[dpdk]rte_memcpy() moves data incorrectly on Ubuntu 18.04 on Intel Skylake.

Bug #1799397 reported by Talat Batheesh on 2018-10-23
14
This bug affects 2 people
Affects Status Importance Assigned to Milestone
DPDK
Undecided
Unassigned
dpdk (Ubuntu)
Low
Unassigned
Bionic
Undecided
Unassigned
Cosmic
Undecided
Unassigned
gcc-7 (Ubuntu)
Undecided
Unassigned

Bug Description

[Impact]

 * Crashing on certain SkyLake Chips

 * Follow upstream disabling one of the gcc options

[Test Case]

 * Part of the MRE bug 1817675 following the MRE verficiation process as
   defined there.

[Regression Potential]

 * Rebuilds with the new code using DPDK headers will be slightly slower
   (not using the feature) but avoiding the crash. The slowdown should
   be negligible for most cases and the crash avoidance outweigh this.

[Other Info]

 * n/a

---

Hi, Christian

We've recently encountered a weird issue with Ubuntu 18.04 on the Skylake
server.
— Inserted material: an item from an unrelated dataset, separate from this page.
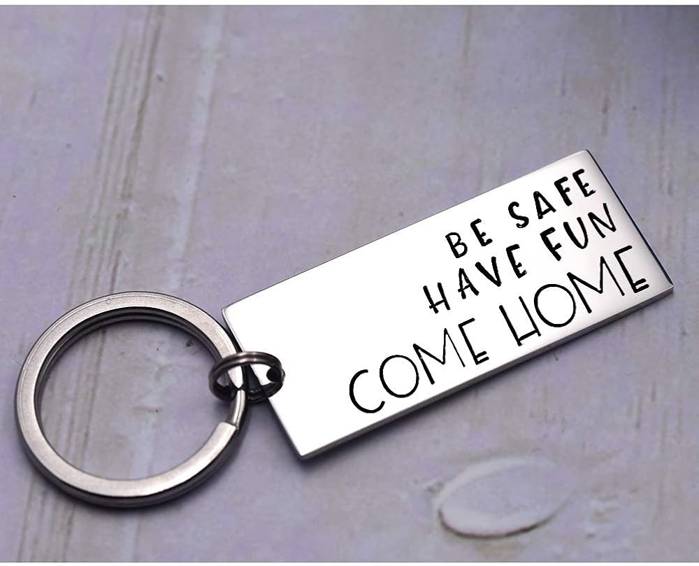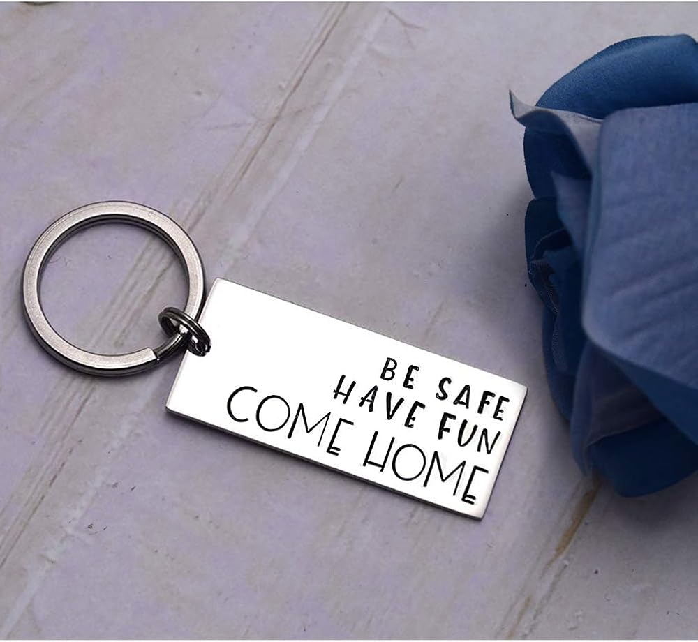 سلسلة مفاتيح Queyuen Be Safe Have Fun Come Home Driver تأتي إلى المنزل في سن المراهقة كهدية عيد ميلاد للمراهقين

I can always reproduce this crash and I could narrowed it down. I guess
it could be a GCC issue.

[1] How to reproduce
- ConnectX-4Lx/ConnectX-5 with mlx5 PMD in DPDK 18.02.1
- Ubuntu 18.04 on Intel Skylake server
- gcc (Ubuntu 7.3.0-16ubuntu3) 7.3.0
- Testpmd crashes when it starts to forward traffic. Easy to reproduce.
- Only happens on the Skylake server.
- DPDK 18.05 and later don't have such issue. git-bisect gives no clue.

This is because I enabled MEMPOOL_DEBUG and MLX5_DEBUG. As mempool/rte_memcpy is
inlined function, it should be affected. Now I can see the crash regardlessly -
18.02, 18.05 and 18.08.

[2] Failure point

The attached patch gives an insight of why it crashes. The following is the
result of the patch and the GDB commands.

In summary, rte_memcpy() doesn't work as expected. In __mempool_generic_put(),
there's rte_memcpy() to move the array of objects to the lcore cache. If I run
memcmp() right after rte_memcpy(dst, src, n), data in dst differs from data in
src. And it looks like some of data got shifted by a few bytes as you can see
below.

 [GDB command]
 $dst = 0x7ffff4e09ea8
 $src = 0x7fffce3fb970
 $n = 256
 x/32gx 0x7ffff4e09ea8
 x/32gx 0x7fffce3fb970
 testpmd: /home/mlnxtest/dpdk/build/include/rte_mempool.h:1140: __mempool_generic_put: Assertion `0' failed.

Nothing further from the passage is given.